If you’ve heard about the positive effects of cannabinoids like CBDA, you might’ve heard something about the endocannabinoid system (ECS).

Ever stop to ponder why cannabinoids work for what seems like every condition under the sun and then some?

It all comes down to the way these cannabinoids influence the ECS. Some even suggest the ECS is one of the most important physiological systems that exist!

What is the ECS, though? And what the heck does it have to do with cannabinoids like CBDA?

We’re glad you asked.

Check it out.

What Is The Endocannabinoid System?

Discovered in the early 1990s, the endocannabinoid system (or endogenous cannabinoid system) is vital for the maintenance of balanced health. Get this, though. Humans aren’t the only ones that an ECS. The ECS is found in almost all living creatures, including mammals, reptiles, fish, birds and amphibians. It’s also present in invertebrates, like earthworms, snails, squids, spiders and jellyfish. Certain insects seem to be one of the only exceptions.

With this system present in practically every living being, it must be pretty important right? You bet! It’s responsible for maintaining homeostasis in the body, meaning it helps keep a reasonably stable environment in body and mind regardless of external changes.

The ECS is found throughout the entire body. Think in the brain, immune cells, reproductive system, organs, connective tissues, muscles, skin and glands. It plays a vital role in several physiological systems, with experts maintaining that the ECS is literally a bridge between body and mind.

What exactly does the ECS influence? Quite a bit, actually. Research shows that the ECS may influence the following and more:

  • Mood
  • Memory
  • Sleep
  • Appetite
  • Immune function
  • Digestive function
  • Reproductive function
  • Pain perception
  • Neurological function

Understanding The ECS

To say the ECS is complex is an understatement. It’s a wildly complex system that researchers are just beginning to understand. Here we’ll break it down simply in order to gain a better understanding of how it works, as well as how it is influenced by (and interacts with) various cannabinoids such as CBDA.

The ECS is made up of three distinct parts.
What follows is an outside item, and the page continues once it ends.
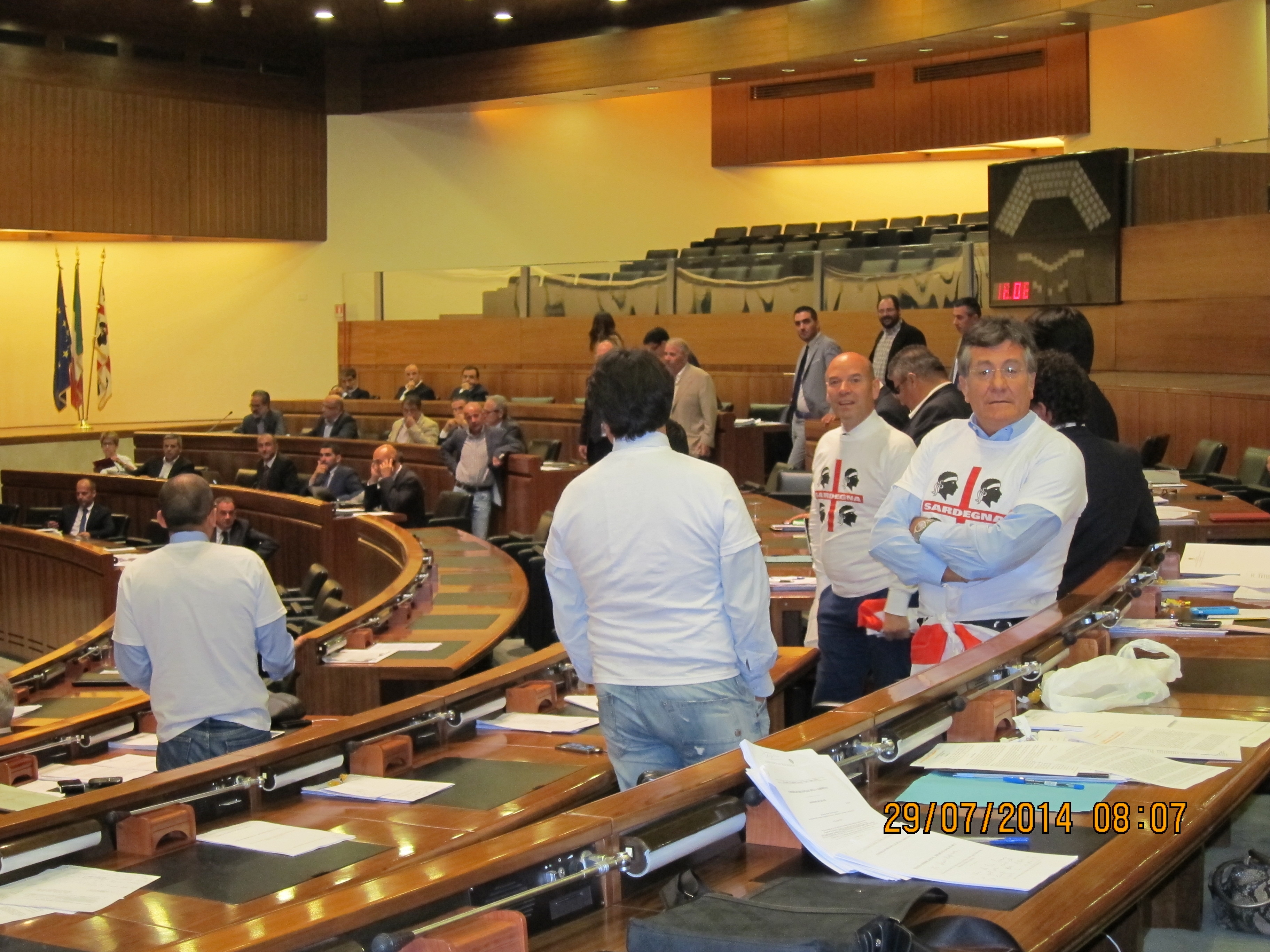 Magliette e bandiere dei Quattro mori e seduta sospesa: il presidente dell’assemblea regionale, Gianfranco Ganau, convoca la conferenza dei capigruppo, e il centrodestra dopo aver occupato i banchi della Giunta chiede il rinvio della discussione in Consiglio a domani. La protesta riguarda l’intesa tra Stato e Regione per il pareggio di bilancio nel 2015 e per l’allargamento dei vincoli del patto di stabilità per il 2014 pari a 364 milioni di euro.

These include:

  • Endocannabinoids that are naturally produced by the body.
  • Cannabinoid receptors found throughout the body and brain.
  • Enzymes that break down the body’s endocannabinoids.

Looking at each of these distinct parts separately can help to gain a better understanding of how the ECS works.

  • Endocannabinoids

There are two endocannabinoids that are naturally produced by the body. They are known as anandamide (AEA) and 2-Arachidonoylglycerol (2-AG).

Anandamide, a neurotransmitter, plays a large part in creating feelings of pleasure and positive mood, has shown to help decrease anxiety-like behaviors and demonstrates anti-inflammatory properties. Also found abundantly in dark chocolate, it’s commonly referred to as the “bliss molecule” for its ability to make you feel so damn good.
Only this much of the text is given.